The conventional metal-oxide-semiconductor field effect transistor (MOSFET) has entered the sub-20-nm stage and encountered more and more physical and technology limitations.^[1,2] The artificial quantum dot made in MOSFET could exhibit quantum transport at room temperature.^[3] When the effective gate length of silicon MOSFET is of the order of dozens of nanometers, the electrical properties of the device are no longer dependent on the average doping density but the distribution of individual dopant atoms in the channel. The random distribution of dopant atoms in the silicon nanowire, which act as quantum dots (QDs), will affect the electrical characteristics.^[4–7] The scanning tunneling microscope (STM) with atomic resolution has been used to fabricate single dopant atom devices on a silicon surface terminated with hydrogens.^[8] Further, the transport spectroscopy of a single dopant atom in an n–p–n silicon nanowire transistor has been investigated in recent years.^[9,10] Compared with those in the inversion-mode transistor, carriers in the silicon junctionless nanowire transistor (JNT) flow in the middle of the nanowire instead of the surface inversion layer, which leads to more apparent quantum-confinement effect on the carrier transport.^[11–15] At the initial stage of conduction, the carriers flow through a very narrow conductive path in the center of the nanowire. With the gate voltage increasing, the conductive path is gradually broadened until it forms a cross-section physically.^[11] The electric field perpendicular to the current flow is lower in JNT than in a regular inversion-mode transistor. The electrons in JNT mainly flow through a bulk channel instead of a surface channel. Thus it can be seen that the surface roughness scattering has little influence on electron mobility. The more significant current oscillations could be observed in JNTs.^[13] Therefore, it is very necessary to understand the influence of dopant atoms on the carrier transport behaviors in the variable conductive path of JNT.
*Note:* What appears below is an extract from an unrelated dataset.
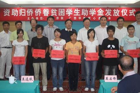 中新網9月21日電 9月15日,廣西僑聯(lián)、廣西華僑愛心基金會舉行資助歸僑僑眷貧困學生助學金發(fā)放儀式,廣西自治區(qū)歸僑僑眷貧困大學生、高中生214名獲得資助,助學金總金額30.1萬元。這是廣西自治區(qū)僑聯(lián)連續(xù)資助全區(qū)歸僑僑眷貧困生的第三年,也是廣西華僑愛心基金會資助全廣西自治區(qū)歸僑僑眷貧困生的第一年。

In this work, we fabricate an n-type single-channel silicon JNT and experimentally investigate the electric-field-dependent charge delocalization from dopant atoms in a temperature range from 10 K to 250 K. Previously, Prati et al. observed the Anderson–Mott transition from the individual donor regime to the Hubbard band regime in silicon transistor doped with a few arsenic atoms.^[16] More recently, Qiu et al. demonstrated the transport of few-layer molybdenum disulphide (MoS₂) in low-carrier-density regime, which can be explained by hopping through defect-induced localized states.^[17] Turk et al. investigated the gate dependence of charge delocalization below the mobility edge in a QD field effect transistor at low temperatures.^[18] Roche et al. measured a large valley-orbit splitting for shallow isolated phosphorus donors in a silicon gated nanowire by using a double dopant transport spectroscopy.^[19] Here we present the Arrhenius plot of the temperature-dependent conductance, which demonstrates that the electron transport behavior changes from variable-range hopping to nearest-neighbor hopping, at a transition temperature of 30 K. The activation energy for the charge delocalization, extracted from the Arrhenius plot, gradually decreases due to the confinement potential of the conduction channel decreasing from the threshold voltage to the flatband voltage. Furthermore, we find that the activation energy at the fixed gate voltage increases with increasing source–drain bias within a temperature range from 30 K to 100 K, but decreases above the temperature of 100 K.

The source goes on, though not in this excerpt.